# DevOps Engineer (GCP & Kubernetes)

**Company:** [Devsu](http://jobs.workable.com/companies/4sM4PvpDWNbkTLw15DtW7T.md)
**Location:** Remote
**Workplace:** remote
**Employment type:** Full-time
**Department:** Engineering

[Apply for this job](http://jobs.workable.com/view/ec60ff5b-f76b-4f20-b682-2a5eb195146d)

## Description

We are looking for a hands-on **Semi Senior DevOps Engineer** to join a high-impact project supporting a global-scale sports event. This role is ideal for someone who enjoys working close to production systems, troubleshooting complex issues, automating infrastructure, and ensuring platform reliability in mission-critical environments.
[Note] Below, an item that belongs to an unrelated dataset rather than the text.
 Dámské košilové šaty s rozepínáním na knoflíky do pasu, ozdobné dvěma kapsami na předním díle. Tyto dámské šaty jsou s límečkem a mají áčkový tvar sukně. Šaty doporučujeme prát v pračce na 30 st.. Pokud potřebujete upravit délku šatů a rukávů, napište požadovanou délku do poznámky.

You will work closely with engineering teams to build, maintain, and improve cloud-native infrastructure running on Google Cloud Platform (GCP) and Kubernetes. The role requires participation in an on-call rotation, including occasional weekend coverage.

## Requirements

### Responsibilities

-   Deploy, maintain, and improve cloud infrastructure in Google Cloud Platform (GCP).
-   Operate and support Kubernetes environments, including GKE.
-   Build and maintain Infrastructure as Code using Terraform.
-   Monitor production systems and proactively identify reliability risks.
-   Troubleshoot infrastructure, networking, application, and performance issues.
-   Participate in incident response, root cause analysis, and postmortem activities.
-   Implement and maintain observability solutions, dashboards, and alerting systems.
-   Collaborate with software engineering teams to improve deployment processes and operational excellence.
-   Support highly available and scalable production environments.
-   Contribute to automation initiatives that reduce operational overhead and improve reliability.
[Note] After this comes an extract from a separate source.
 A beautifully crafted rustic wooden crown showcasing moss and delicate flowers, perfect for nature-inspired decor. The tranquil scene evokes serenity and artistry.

### Required Qualifications

-   3+ years of experience in DevOps, Cloud Engineering, Site Reliability Engineering, or similar roles.
-   Hands-on experience with Google Cloud Platform **(GCP).**
-   Strong understanding of core GCP services, including:

-   Compute Engine
-   Cloud Run
-   App Engine
-   Google Kubernetes Engine (GKE)

-   Production experience managing Kubernetes environments.
-   Experience configuring Kubernetes resources such as Deployments, Services, Ingress, ConfigMaps, Secrets, and Autoscaling.
-   Solid understanding of Kubernetes health checks, including readiness and liveness probes.
-   Experience with Infrastructure as Code using Terraform.
-   Understanding of Terraform state management and multi-environment infrastructure design.
-   Strong Linux administration and troubleshooting skills.
-   Good understanding of networking concepts, including:

-   VPCs
-   Subnets
-   Firewall rules
-   Load balancing
-   Private networking

-   Experience with monitoring, logging, and observability platforms.
-   Experience investigating and resolving production incidents.
-   Understanding of reliability concepts such as SLA, SLO, and SLI.
-   Strong verbal and written English communication skills.
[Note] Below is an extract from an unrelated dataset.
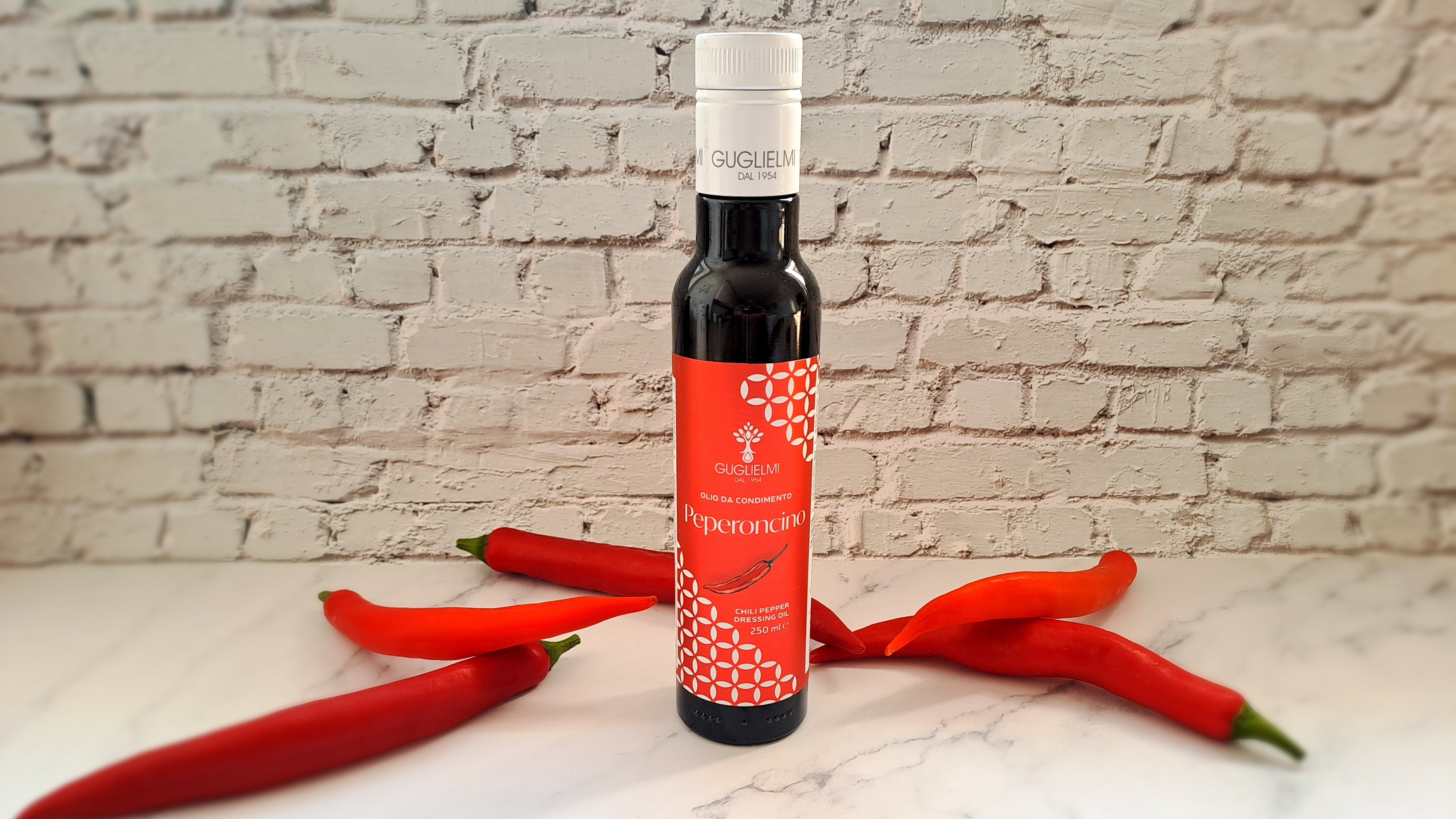 Das native Olivenöl Peperoncino wird durch die gleichzeitige Pressung von Oliven und roten Chilischoten gewonnen. Sein typisch mediterraner Geschmack und sein Aroma charakterisieren dieses Gewürz mit tausend Verwendungsmöglichkeiten für Liebhaber würziger Speisen. Es ist eine unverzichtbare Grundlage für die Zubereitung von individuellen Gerichten wie Spaghetti aglio olio e peperoncino, die ideale Zutat für erste Gänge, Gemüsesuppen, Pizzen, Fleisch- und Käsegerichte und überall dort, wo der scharfe und ausgeprägte Geschmack von Chilischoten gewünscht wird

### Preferred Qualifications

-   Experience designing highly available and globally distributed applications in **GCP.**
-   Knowledge of zero-downtime deployment strategies.
-   Experience supporting large-scale production environments.
-   Experience with multi-tenant architectures.
-   Scripting experience using Python, Bash, or similar languages.
-   Experience working in hybrid cloud/on-premise environments.
-   Experience participating in SEV incident management.
-   Familiarity with capacity planning and performance tuning.

### Technology Stack

-   Cloud: Google **Cloud Platform (GCP)**
-   Containers: Kubernetes, GKE
-   Infrastructure as Code: Terraform
-   Monitoring & Observability: Grafana, Prometheus, Logging Platforms
-   Operating Systems: Linux
-   Incident Management: PagerDuty, ServiceNow, Slack (or equivalent tools)

### Working Requirements

-   Availability to work within CT business hours.
-   Participation in an on-call rotation that includes coverage for one weekend day when scheduled.

### What Success Looks Like

-   Reliable operation of production systems during periods of high traffic and critical business activity.
-   Fast and effective incident response and troubleshooting.
-   Well-automated, maintainable infrastructure managed through Infrastructure as Code.
-   Strong collaboration with development teams to improve reliability, scalability, and operational efficiency.

## Benefits

At Devsu, we believe in creating an environment where you can thrive both personally and professionally. By joining our team, you’ll enjoy:

-   A stable, long-term contract with opportunities for career growth
-   A remote-friendly culture that promotes work-life balance
-   Continuous training, mentorship, and learning programs to keep you at the forefront of the industry
-   Free access to AI training resources and state-of-the-art AI tools to elevate your daily work
-   A flexible Paid Time Off (PTO) policy as well as paid holiday days
-   Challenging, world-class software projects for clients in the US and LatAm
-   Collaboration with some of the most talented software engineers in Latin America and the US, in a diverse work environment

Join Devsu and discover a workplace that values your growth, supports your well-being, and empowers you to make a global impact.